Уехала Людмила Николаевна без вещей и продуктов, почти без денег, на палубу прошла, не имея билета, в общей давке и суете, поднявшейся при посадке.
Увезла она лишь память о прощании с матерью, мужем, Надей в темный осенний вечер. Зашумели у бортов черные волны, низовой ветер ударил, завыл, подхватил брызги речной воды.
Секретарь обкома одной из оккупированных немцами областей Украины Дементий Трифонович Гетманов был назначен комиссаром формировавшегося на Урале танкового корпуса.
Прежде чем выехать на место службы, Гетманов на «Дугласе» слетал в Уфу, где находилась в эвакуации его семья.
Товарищи, уфимские работники, заботливо относились к его семье: бытовые и жилищные условия оказались неплохими… Жена Гетманова, Галина Терентьевна, до войны отличавшаяся из-за дурного обмена веществ полнотой, не похудела, даже несколько поправилась в эвакуации. Две дочери и маленький, еще не ходивший в школу сын выглядели здоровыми.

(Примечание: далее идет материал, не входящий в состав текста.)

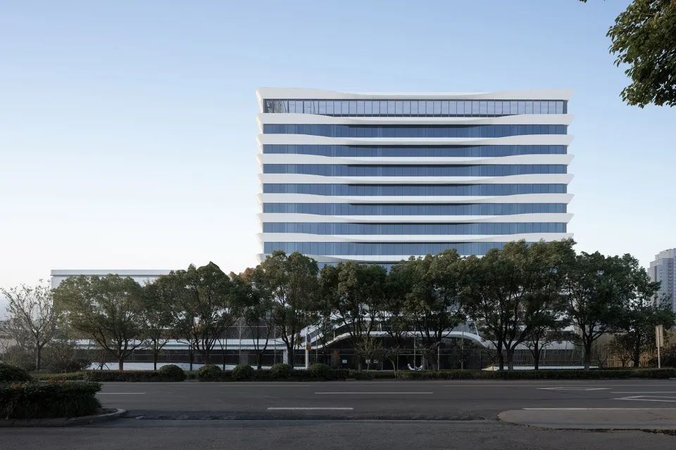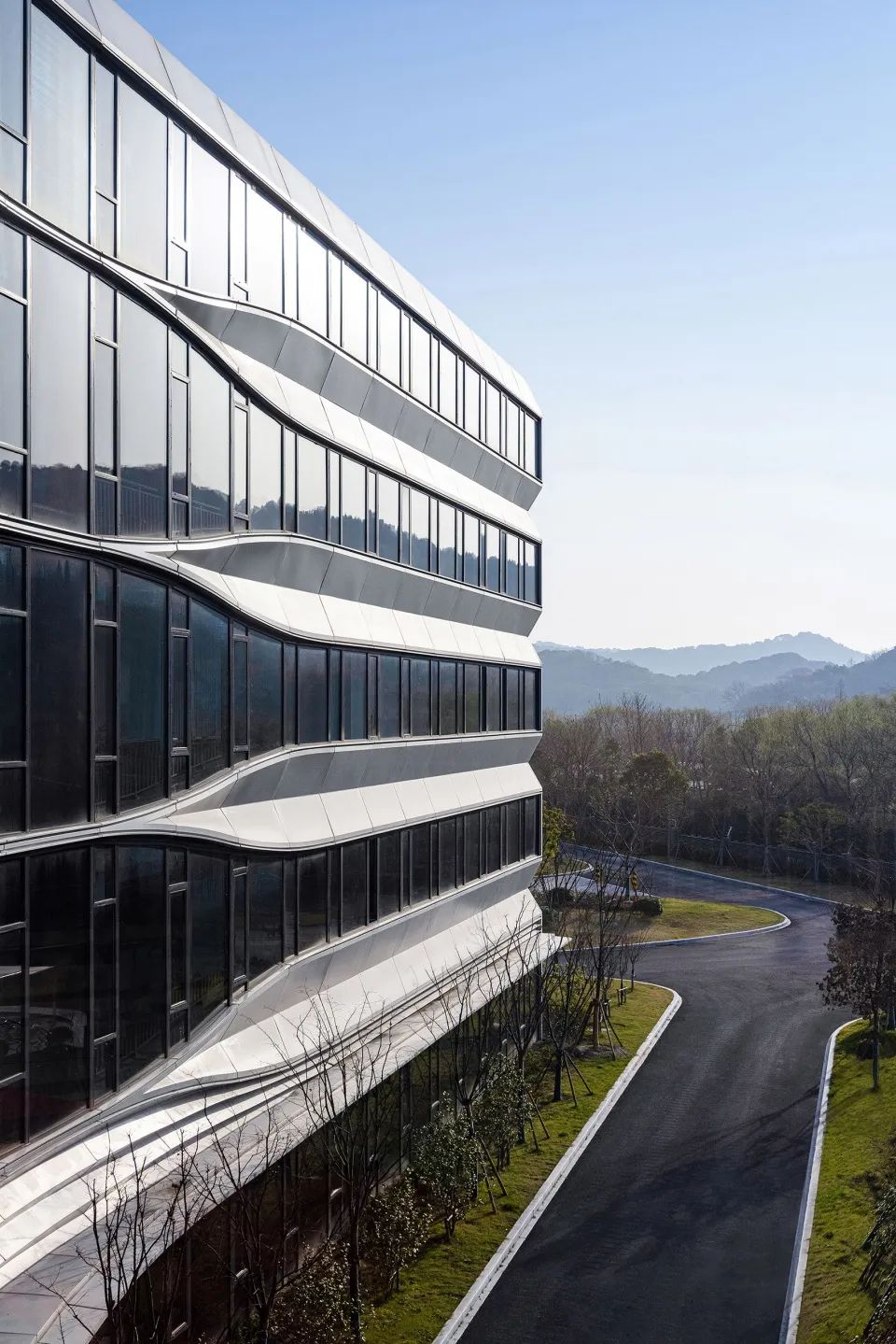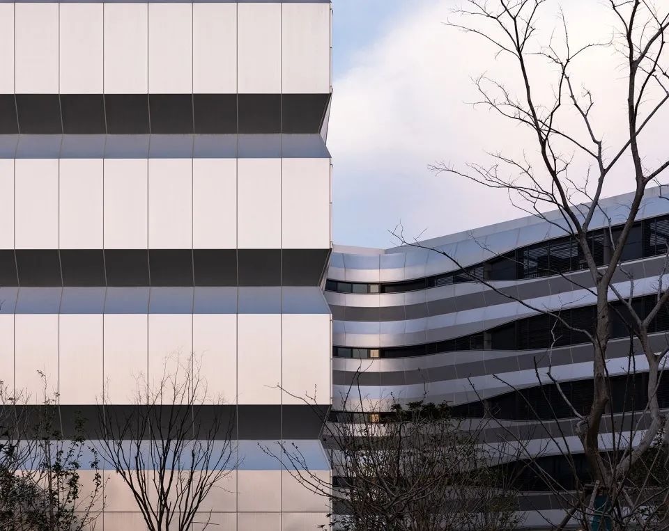 杭州HIS國(guó)際學(xué)校主教學(xué)樓的建筑立面通過(guò)對(duì)水平線的強(qiáng)調(diào),采用銀白色鋁板和水晶灰玻璃,通過(guò)水平方向上的內(nèi)凹折面,形成了極富未來(lái)感的現(xiàn)代建筑形象。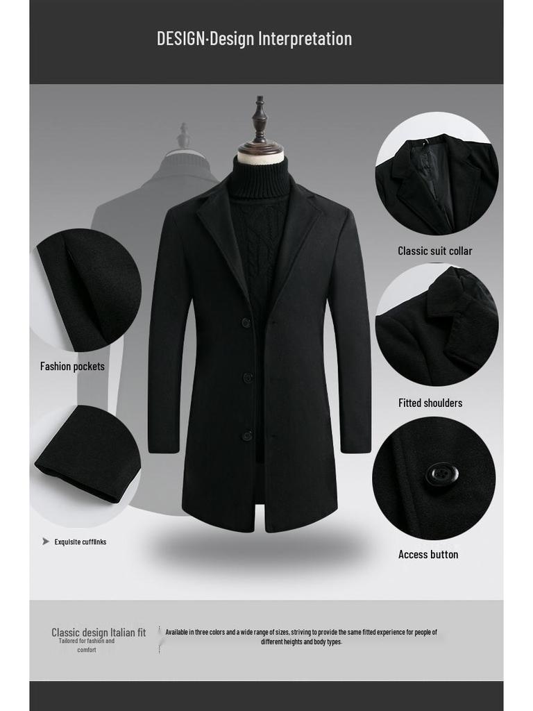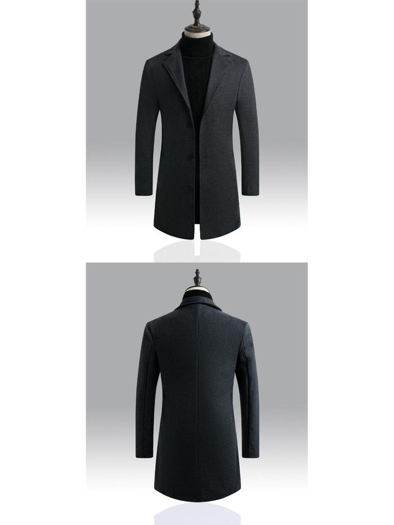 Этот стильный мужской приталенный шерстяной тренч — идеальная верхняя одежда для осени и зимы.. Разработанный со стандартной посадкой, он обеспечивает как комфорт, так и элегантный внешний вид.. Пальто отличается утепленной толщиной, обеспечивающей тепло в прохладные дни. Изготовлен из полиэстера, он прочный и легкий. Мех из смесового химического волокна добавляет нотку изысканности, а воротник пиджачного типа обеспечивает изысканный и классический вид.. Благодаря своему однотонному узору это пальто универсально и подходит для различных случаев.. Идеально для тех, кто ценит моду в корейском стиле, он органично сочетает функциональность с современным стилем.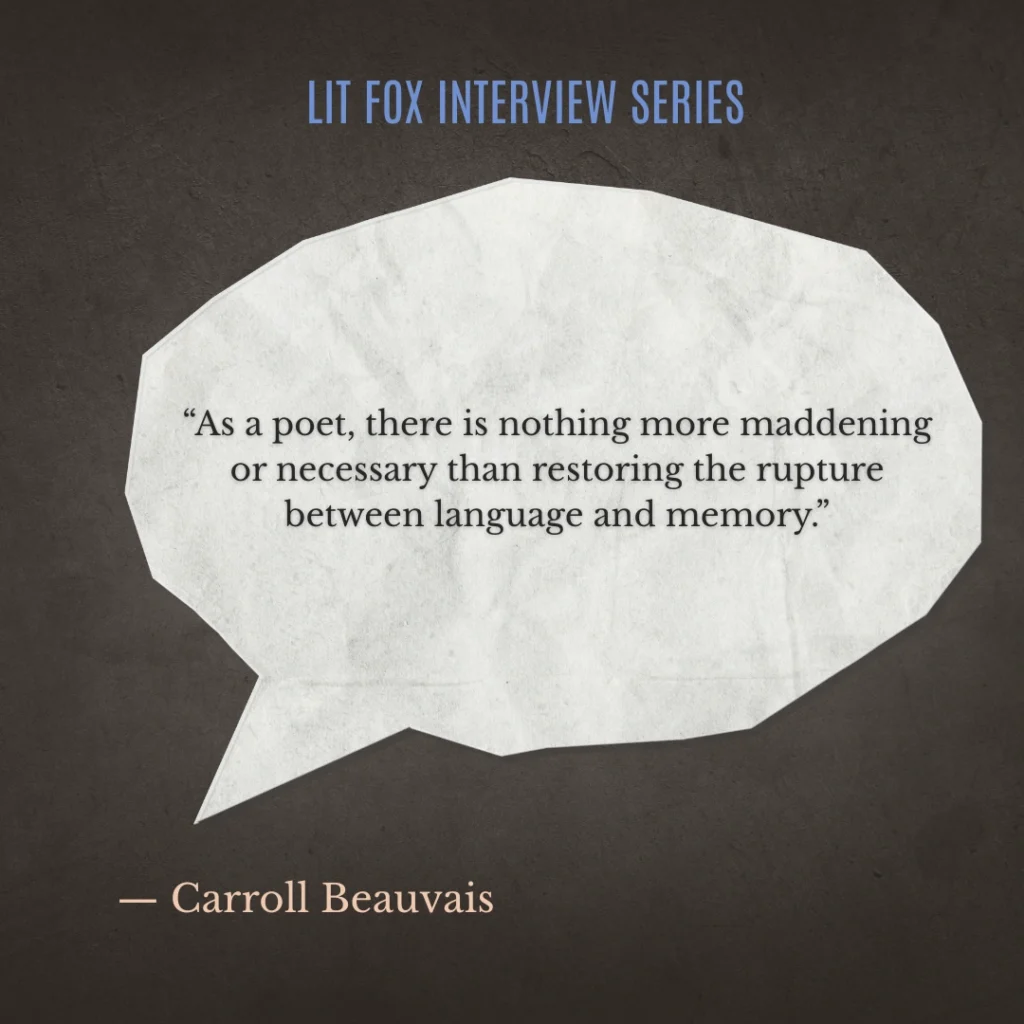 Carroll Beauvais is the author of Preverbal (Lit Fox Books, 2025) and her poems have appeared or are forthcoming in Prairie Schooner, Mid-American Review, Wisconsin Review, Delta Poetry Review, NELLE, and elsewhere. She was a finalist for the Brittingham and Felix Pollack Poetry Prizes from the University of Wisconsin Press and a semi-finalist for Alice James Books’ Beatrice Hawley Prize and the 2024 Airlie Prize. Her writing has received support from Bread Loaf Writers’ Conference and she holds a MFA from Syracuse University.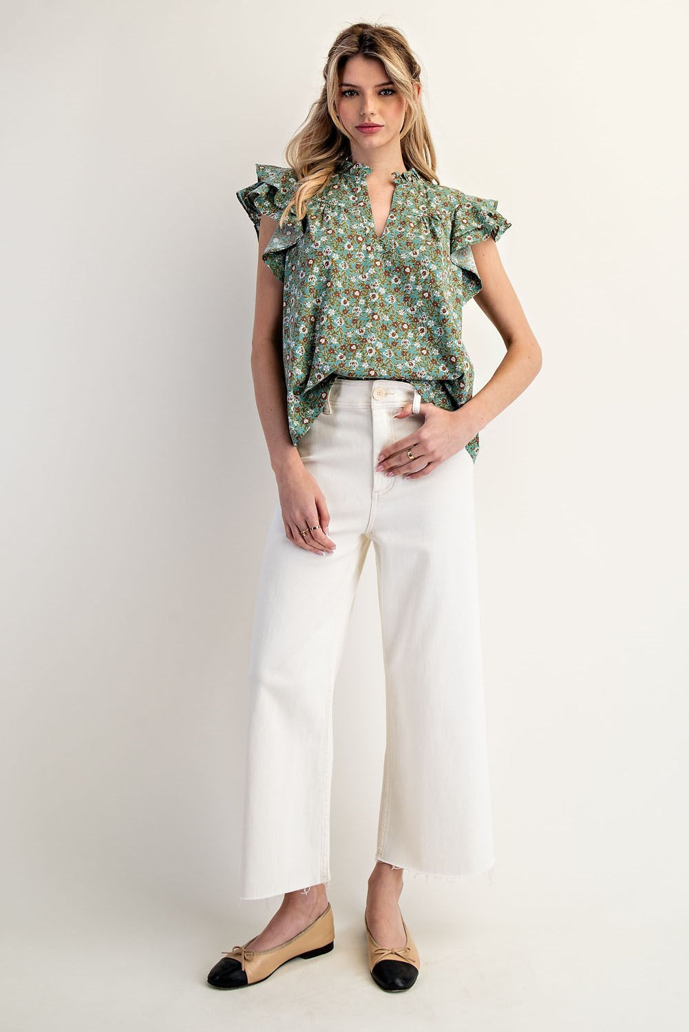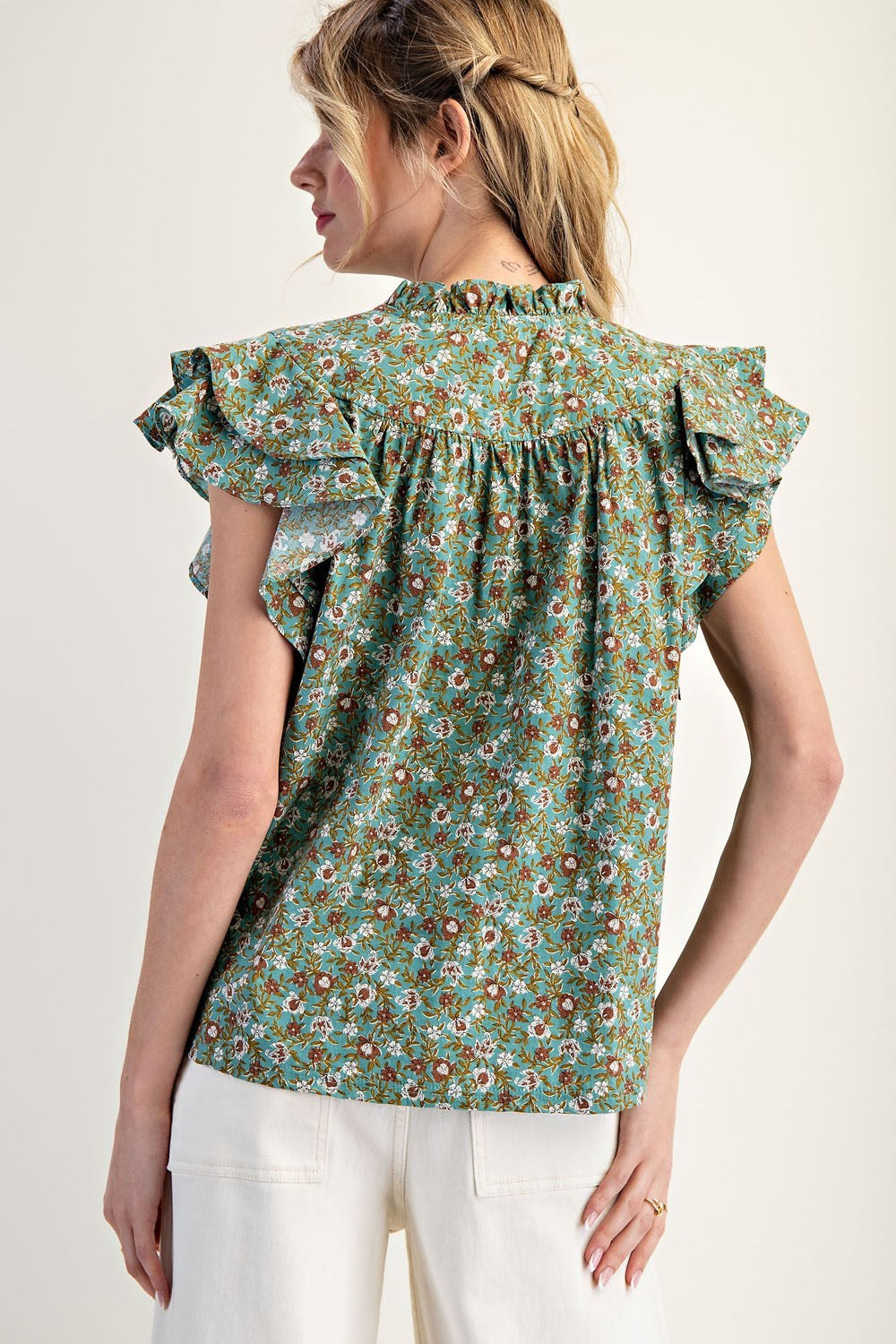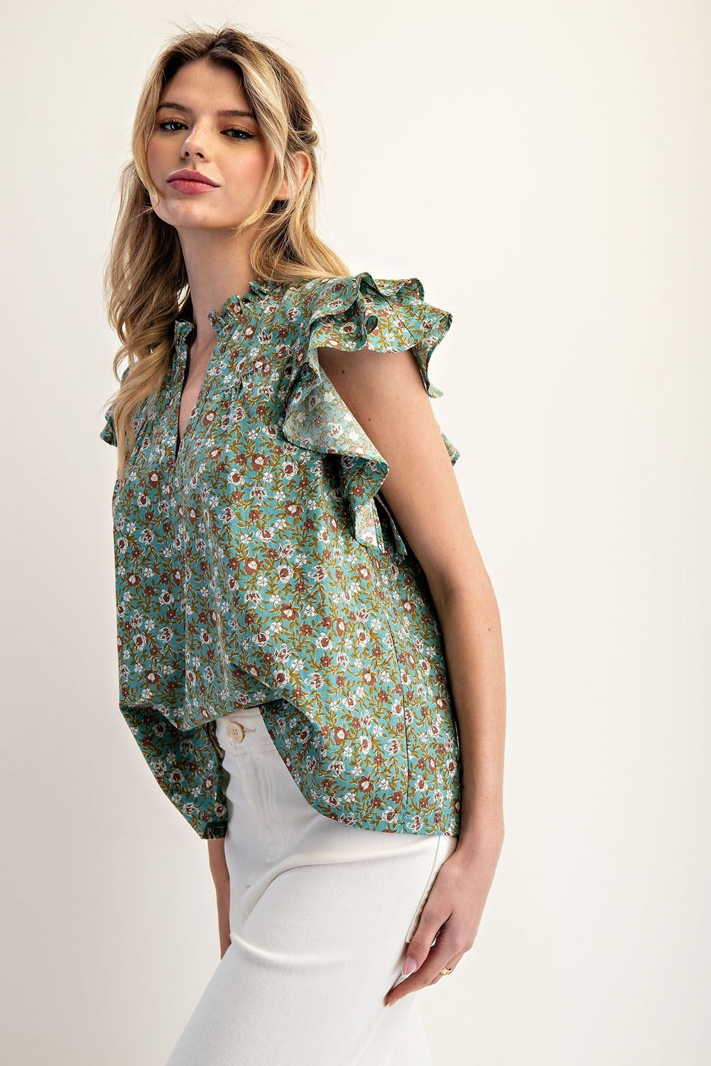 This Beautiful Feelings Top boasts a vintage inspired floral print with a ruffled mock neckline, notched front opening, layered flutter sleeves, and gathered back yoke detailing. The breezy and feminine silhouette is perfect for a romantic and stylish look.

Гетманов провел в Уфе пять дней. Перед отъездом к нему зашли проститься близкие люди: младший брат жены, зам. управделами Украинского совнаркома; старый товарищ Гетманова киевлянин Мащук – работник органов безопасности; и свояк Дементия Трифоновича, ответственный работник отдела пропаганды украинского ЦК Сагайдак.
Сагайдак приехал в одиннадцатом часу, когда дети уже легли спать, и разговор шел вполголоса. Гетманов задумчиво сказал:
– А не выпить ли нам, товарищи, московской горилки по глотку?
Все в Гетманове по отдельности было большим, – седеющая вихрастая голова-башка, широкий, обширный лоб, богатый мясом нос, ладони, пальцы, плечи, толстая мощная шея. Но сам он, соединение больших и массивных частей, был небольшого роста. И странно, что в его большом лице особенно привлекали и запоминались маленькие глаза: они были узкими, едва видимые из-под набухших век. Цвет их был неясный – не определишь, чего в них больше: серого или голубого. Но заключалось в них много пронзительного, живого, мощная проницательность.
Галина Терентьевна, легко подняв свое грузное тело, вышла из комнаты, и мужчины притихли, как это часто бывает и в деревенской избе и в городском обществе, когда на столе должно появиться вино. Вскоре Галина Терентьевна вернулась, неся поднос. Казалось удивительным, как ее толстые руки сумели за короткие минуты пооткрывать столько консервных банок, собрать посуду.
Мащук оглядел стены, завешенные украинскими плахтами, посмотрел на широкую тахту, на гостеприимные бутылки и консервные банки, сказал:
– А я помню эту тахту в вашей квартире, Галина Терентьевна, и молодец же вы, что сумели ее вывезти, определенный оргталант у вас.
– Ты учти, – сказал Гетманов, – когда эвакуировались, меня дома уже не было – все сама!
– Не бросать же ее, земляки, немцам, – сказала Галина Терентьевна. – И Дима так привык к ней, придет с бюро обкома и сразу на тахту, материалы читает.
– Как же, читает! Спит, – сказал Сагайдак.
Она снова ушла на кухню, и Мащук плутовски сказал вполголоса, обращаясь к Гетманову:
– Ох, и представляю я себе докторшу, военврача, с которым наш Дементий Трифонович познакомится.
– Да, уж он даст жизни, – сказал Сагайдак.
Гетманов отмахнулся:
– Бросьте, что вы, – инвалид!
– Как же, – сказал Мащук, – а кто в Кисловодске в три часа ночи в палату возвращался?